Selain itu para nelayan budidaya juga diuntungkan dengan adanya bantuan sarana untuk pengembangan rumput laut dan penanganan pascapanen, serta progam pendukung lainnya. Tenaga penyuluh dan pendamping dari BBL Lombok juga memiliki peran penting.
Sayangnya, produksi rumput laut NTB masih berupa produk bahan baku (rumput laut kering) dan semi karaginan. Faktor nilai tambah diperlukan agar produk rumput laut bisa menguntungkan seperti pengolahan menjadi tepung rumput laut.

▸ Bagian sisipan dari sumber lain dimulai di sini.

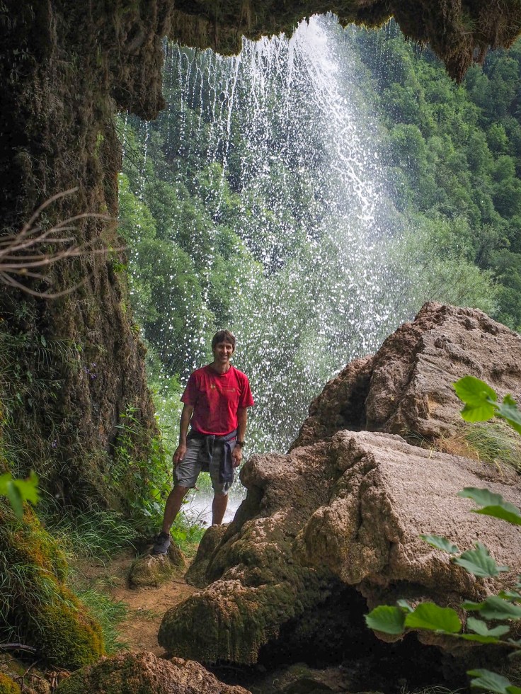 Back outside, it was now rather warm and sunny. We’d seen some signposts to a waterfall and a subterranean cave about 20 mins away, and decided to go for a walk. We could see the small waterfall in the distance, and crossed the stream above it, then turned off to visit the outer subterranean cave. We could see boats tied up which must be used to go further inside. The water was a beautiful colour.

Memang sejumlah hal masih menjadi tantangan tersendiri bagi pemangku kepentingan kegiatan produksi rumput laut seperti belum adanya standar nasional untuk derivat produk rumput laut, biaya pengolahan limbah tinggi dan belum ada lembaga penyangga.
2013 juga menjadi asa pemprov NTB untuk memiliki pabrik karaginan yang diharapkan menyerap tenaga kerja sebanyak 149.140 orang dengan perkiraan pendapatan pembudidaya sekitar Rp3,35 triliun rupiah.
Setidaknya, Tuhan pun mungkin tersenyum kala melihat para petani di Lombok meraup untung dari hamparan rumput laut demi mengejar kesejahteraan keluarga, dan capaian hidup yang lebih baik di masa mendatang.